Hélio ressalta que o boi china, é o mais valorizado. Entretanto, o Estado não tem nenhum reflexo do preço desse animal, mas em São Paulo se paga R$ 320,00 a R$ 325,00 a cabeça. A diferença é de quase R$ 50 por arroba daqui para São Paulo, sendo que não gasta nem R$ 20,00 reais de logística para levar essa carne para o sul do país para exportação ou para o consumo interno dentro do próprio país, assegurou.

Ao avaliar a venda de bezerros, Hélio diz que estes eram comercializados  de R$ 2.600,00 até R$ 2.950.00 Hoje, os preços caíram entre R$ 2. 200,00 a 2,300,00 um bezerro branco, desmamado e em boas condições.

Para enfrentar a retração do sistema o presidente da Faperon, disse que procurou o Governador Marcos Rocha-União Brasil.

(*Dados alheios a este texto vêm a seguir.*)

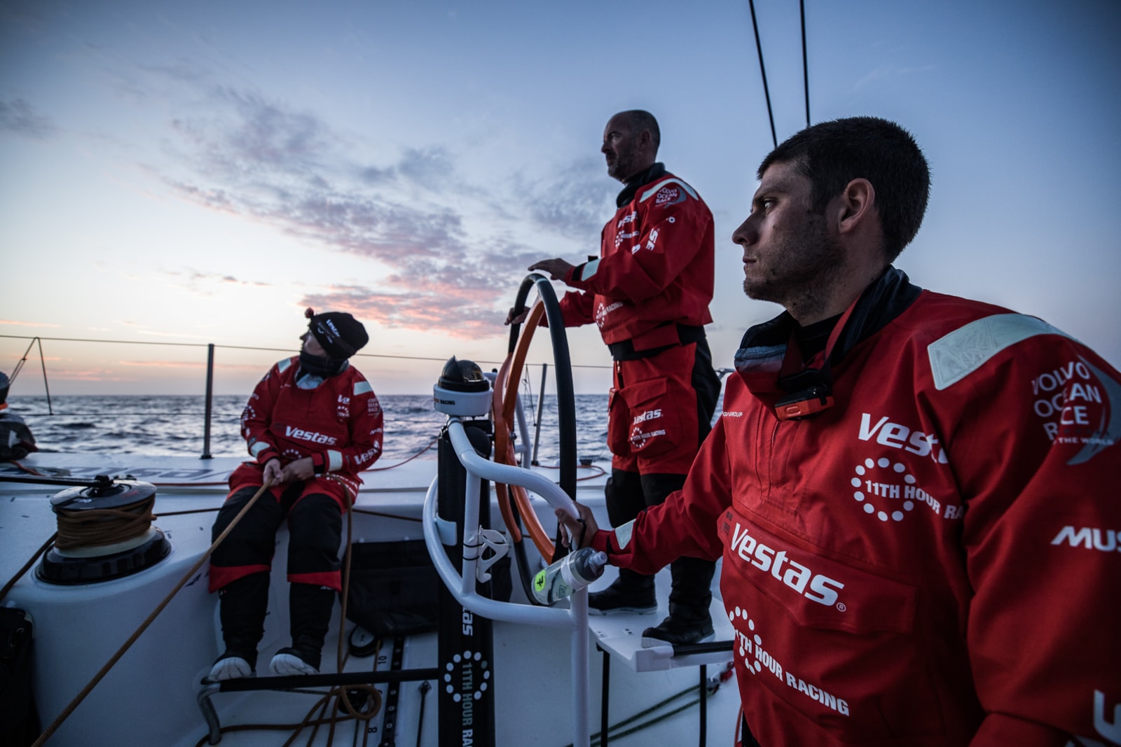 Eenmaal voorbij het waypoint van de virtuele boei was de vloot vrij om hun eigen koers richting de eindstreep uit te zetten. Vestas 11th Hour Racing blijft een klasse apart deze eerste etappe van de Volvo Ocean Race 2017-18. Zij hebben momenteel een voorsprong van bijna 27 nautische mijlen (nm) op MAPFRE. Team AkzoNobel zit daar weer bijna 25 nm achter.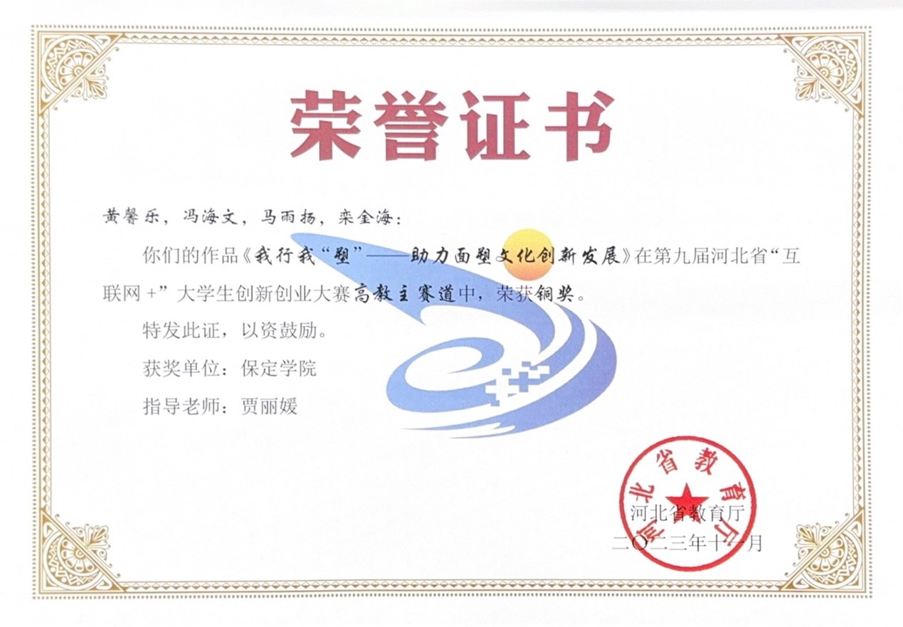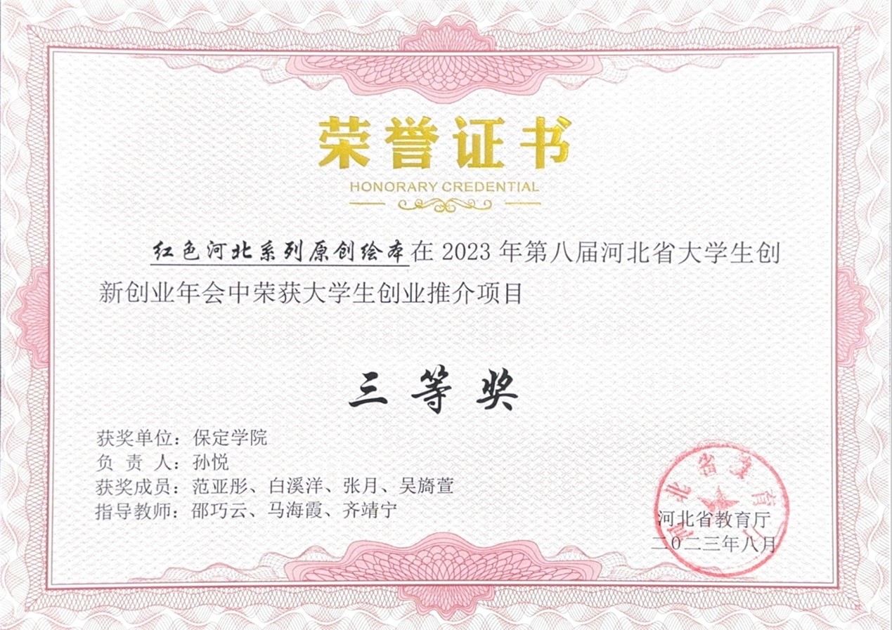 新葡8883官网AMG官网2021级黄馨乐、冯海文、马雨扬、栾金海同学的项目《我行我“塑”——助力面塑文化创新发展》在第九届河北省“互联网+”大学生创新创业大赛中获铜奖。2021级孙悦、范亚彤、白溪洋、张月、吴旖萱同学的项目《红色河北系列原创绘本》在第八届河北省大学生创新创业年会中获三等奖。

Durante o Encontro com outras autoridades, foi colocada a necessidade de implementar algumas medidas, para a redução da carga tributária.

“O Governo atendeu o setor produtivo, reduzido de 12% para 4% a saída de bezerro macho, fêmea e boi curto. Então houve uma redução significativa e atrativo, esperamos os resultados que dentro de 60 dias e virão muitos compradores de vários lugares do Brasil”.

Também é aguardado pelo presidente da FAPERON, que os invernistas, fazendeiros ou seja grandes proprietários vendam a sua boiada e invistam na compra de bezerros fazendo a chamada reposição aproveitando a queda dos preços.

“Isso vai ser bom para o mercado, pois vai acontecer uma concorrência entre os compradores de fora e os internos,   naturais do Estado”.

Hélio revela que houve incentivo tributário para pequenos frigoríficos que antes tinham 65%de redução para quem abatia o boi  com osso e mandava para fora. “Hoje temos vários empresários exportando para grandes capitais brasileiras com a redução de 85%, na alíquota do ICMS. Eles vão pagar apenas 15% de tributos do valor da carga com os ossos. Muitos compradores fora do Estado”, concluiu.